The Artist

Fritz Hug was born in Dornach on March 19, 1921, the second eldest of five children. He spent his childhood in Java, where his father worked as an engineer for a railroad company. Back in Switzerland, he spent the rest of his youth in Thalwil. Fritz took an early interest in the fine arts. In 1935/36 he attended the Zurich School of Applied Arts. After leaving military recruit school, he began to devote himself seriously to painting in 1940.

First achievements as a painter

At the age of 20, Hug was able to open his first exhibition in 1941 with the support of Zurich art dealer Léon Bollag. He showed landscapes, cityscapes, portraits and interiors. His years of learning and traveling took him to the south of France in 1942/43 and later to Morocco, Italy and finally Lambaréné (Gabon). There he painted landscapes, animals and people from the environment of the tropical doctor Albert Schweitzer in 1950/51. Back in Zurich, exhibitions followed in various galleries in Switzerland.

Family

Fritz Hug married the journalist and writer Margrit Schürmann in 1951. They had three children. In 1957, the family moved into a house in Zurich, which from then on housed both the family apartment and the artist’s studio. In later years, Hug opened his own gallery in the same building.

Painter of the animals

In 1964, Hug created a large mural entitled “Swiss Fauna” for the national exhibition Expo64. In 1967 he exhibited city-scapes at the Tryon Gallery in London, but by this time he was already beginning to concentrate more and more on painting animals.

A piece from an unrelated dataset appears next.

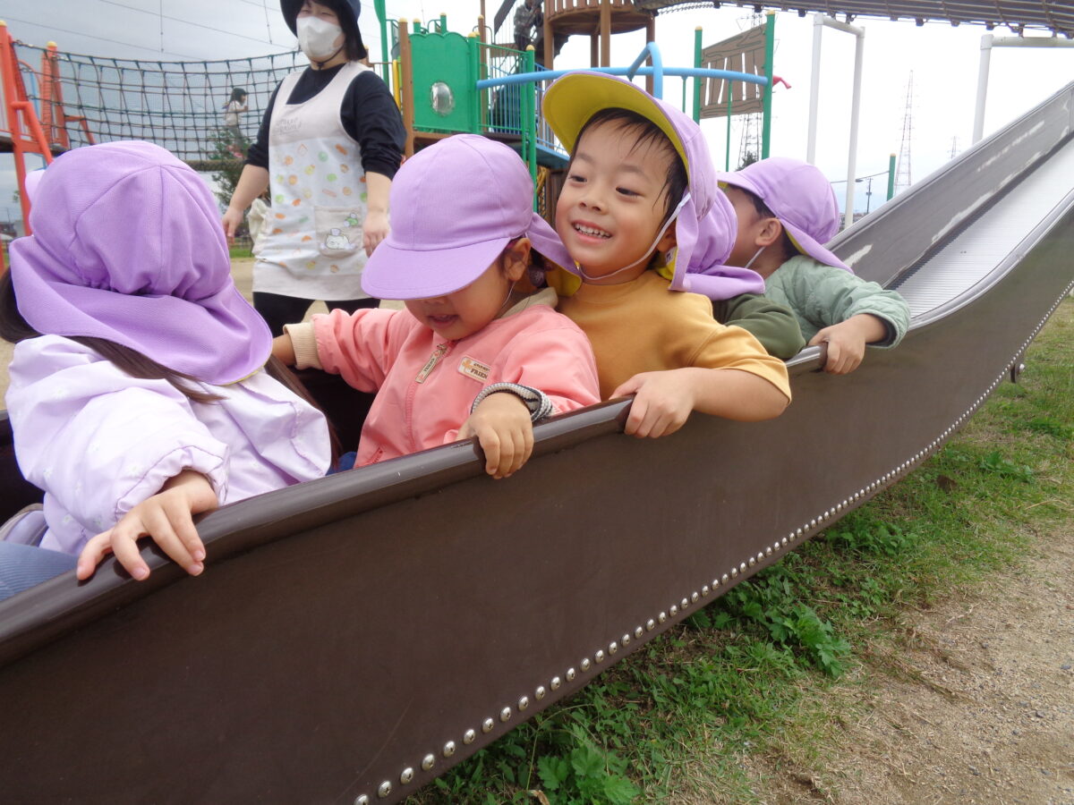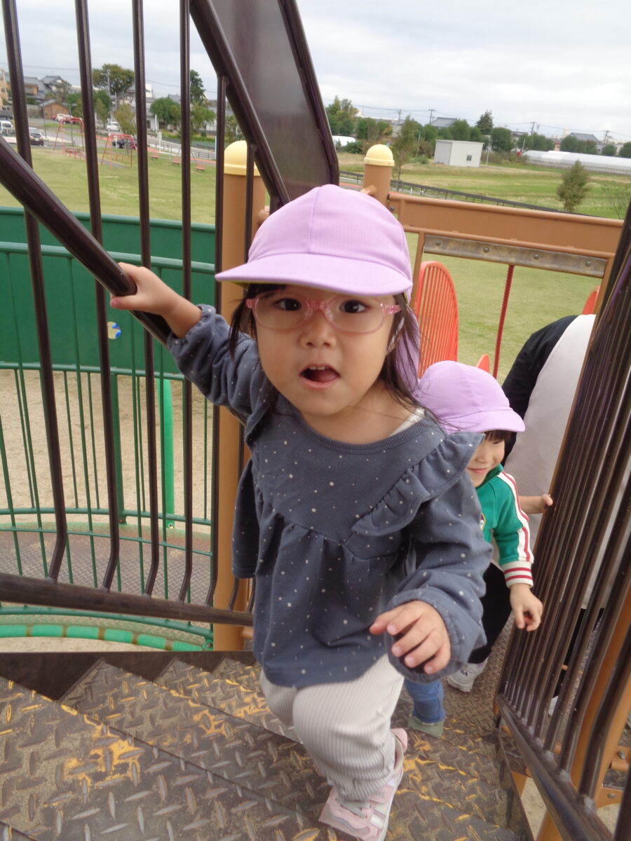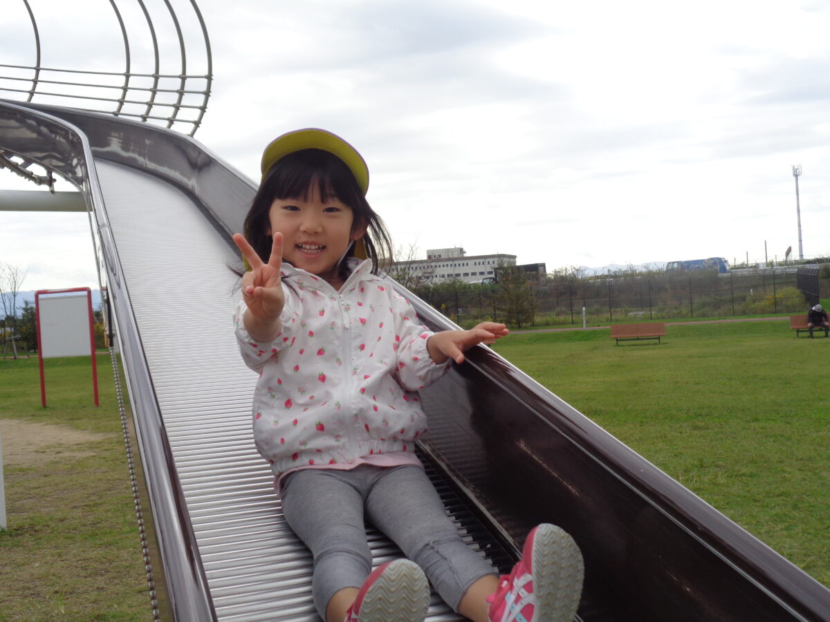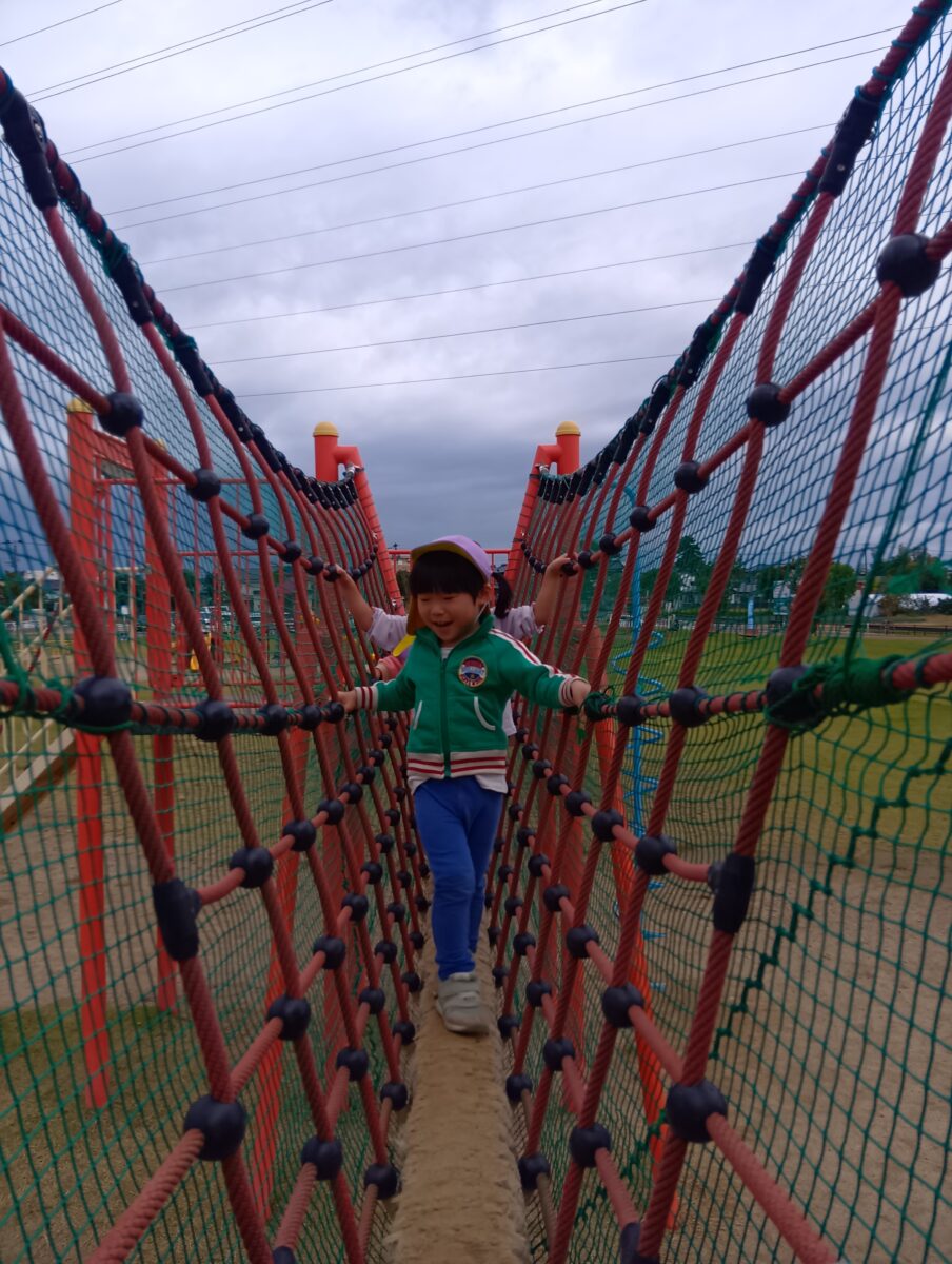 空はどんよりした曇り空でしたが、なんとか雨は降らず、のびのびと大きな遊具で遊んでくることができました!

In the same year, the WWF approached Hug with a request to paint around 100 animals threatened with extinction, a task that required both artistic skill and zoological knowledge. Fritz Hug temporarily withdrew to the tranquillity of a small village near Zurich to devote himself fully to this new task. It was here that Hug painted more than a hundred animal pictures, which he exhibited at the Helmhaus in Zurich in September 1970. This exhibition was followed by others: in 1973 at the “Museum of Science” in Boston and again in 1979 at the Helmhaus Zurich for the “50 Years of Zurich Zoo” anniversary celebrations.

Fritz Hug died after a short, serious illness on January 29, 1989, and was laid to rest in Zurich’s Fluntern cemetery. Throughout his life, the conservation of animals and their natural environment was of great concern to him. He was unable to complete a major project to paint all Swiss bird species for the 700th anniversary of the Swiss Confederation.